Brandon Berg writes:

Fred: Is there, in fact, an ever-increasing tax bite? Other than the expiration of the temporary payroll tax holiday a couple years ago, the last middle-class payroll tax increase was in 1986, and middle-class income tax rates have decreased as well.

As you can see here, effective federal tax rates for the middle and lower classes are the lowest they've been for decades.

Maybe middle-class taxes are increasing at the state level, but they'd have to increase quite a bit to cancel out the federal tax cuts.

Rick Hull writes:

Jon,

You seem to be missing the supply side of prices. Let's reason from a price change. If the price of a silk shirt goes up relative to cotton, has the shirt's relative quality increased, or was there a silk shortage, or?

Jon Murphy writes:

@Rick-

With respect, I do not see how that has anything to do with the discussion Andrew_FL and I are having.

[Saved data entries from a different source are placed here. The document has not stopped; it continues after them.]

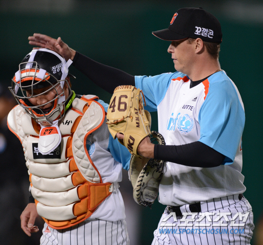 25일 부산 사직야구장에서 2013 프로야구 SK와 롯데의 경기가 열렸다. 7회초 수비를 마친 롯데 옥스프링(오른쪽)이 포수 용덕한의 머리를 두드리고 있다. 부산=김경민 기자 kyungmin@sportschosun.com / 2013.04.25. |
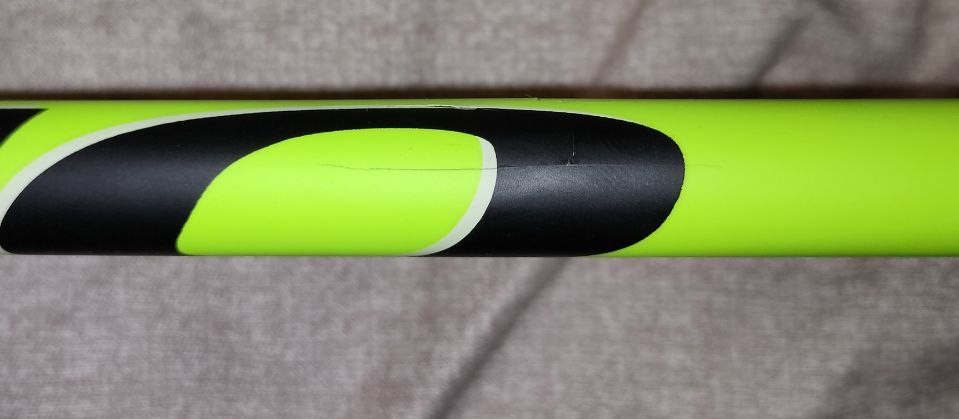 Расчехлил инвентарь и обнаружил трещины. Если прикладывать силу, как при отталкивании, не ощущается что жесткость нарушена. Когда давлю пальцами в месте трещин, есть ощущение что проблема будет усугубляться, слышен характерный треск волокна. Скорее всего разваляться, если ударяться об лыжи или будет еще какое-либо боковое воздействие.
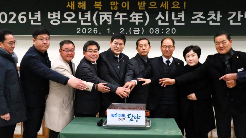 Á¶Âù °£´ãȸ ÈÄ¿¡´Â ±ºÃ» ¸é¾ÓÁ¤½Ç·Î ÀÚ¸®¸¦ ¿Å°Ü Àü Á÷¿øÀÌ Âü¼®ÇÑ °¡¿îµ¥ 2026³â ½Ã¹«½ÄÀ» °³ÃÖÇß´Ù. ½Ã¹«½ÄÀº ½ÄÀü °ø¿¬À» ½ÃÀÛÀ¸·Î ½Å³â ÇÕµ¿ÇÏ·Ê, û·Å ½Çõ °áÀÇ, Á¤Ã¶¿ø ±º¼öÀÇ ½Å³â»ç ¼øÀ¸·Î ÁøÇàµÆ´Ù.
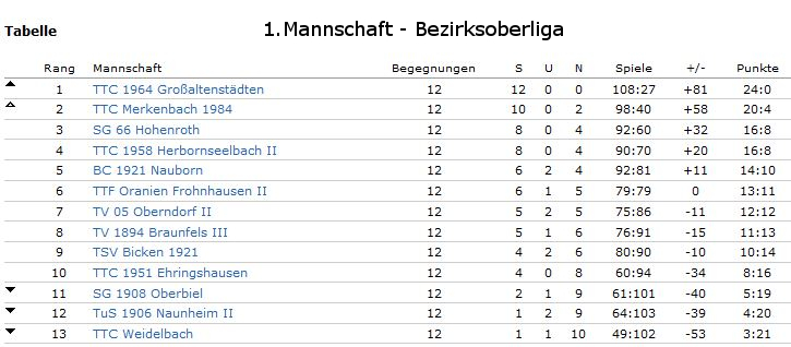 Die 1.Mannschaft ist nach dem Abstieg letzte Saison wieder voll auf Kurs „Bezirksoberliga“. Mit 24:0 Punkten steht man souverän vier Punkte vor Verfolger Merkenbach, gegen die es das einzig knappe Ergebnis (9:6) gab. Ausserdem ist man im Pokal im Viertelfinale und trifft dort auf Eisenbach.

I mean, I am not missing the supply side; I'm not talking about the supply side. It is irrelevant. I'm talking about demand, consumer demand. If the price of silk falls, then those who value silk less (that is, get less utility from a silk shirt compared to other items) may now be temped into buying it, since the cost is closer to that consumer's utility received from his point of view.

Jon Murphy writes:

Again, to be clear: I am not saying that the price perfectly quantifies utility. What I am saying is that price can give us a rough idea of who values what.

Rick Hull writes:

Jon,

When prices move and people's buying behavior changes as a result, this does give us some insight via revealed preference, but only in terms of ordinal preference or preference ranking.

But you have a LONG way to go in order to reach cardinal utility (measurement of utility, rather than ranking of preference) from price observations.

Jon Murphy writes:

Thus why I said "rough." It gives us an idea, but it is incorrect to say, as Andrew_FL said, that we cannot know it.

Rick Hull writes:

How do you plan to graduate from preference ranking to measures of utility? I think you're 100% stuck at preference ranking. That's the rough spot, and it's all you've got to work with.

As such, Andrew_FL's point remains essentially unchallenged:

Quality improvements do matter, the problem is that the magnitude by which something is "better" is subjective and cannot, therefore, be objectively quantified.
Floccina writes:

I think the measurement problems are due to the fact that, as difficult as it is to value new inventions, it is even harder to value improvements in quality. I have bought vehicles with over 150K miles on them and they have gone for another 100K without much repair. In the 1970's a car with 100k miles on it would coast a lot in repairs. A CPI adjuster could easily miss the latter but he know he must adjust for the new inventions.

Also hard to adjust for is cleaner air and water ways.

BTW IMHO a great thing that could be done for lower income people is to Wipe the Mosquito varieties that bite humans.

Floccina writes:

BTW if inequality means that many of the top 20% earners buy a new car every few years, just for the novelty, and that fills the market with great used cars that somewhat mitigates the growth in inequality.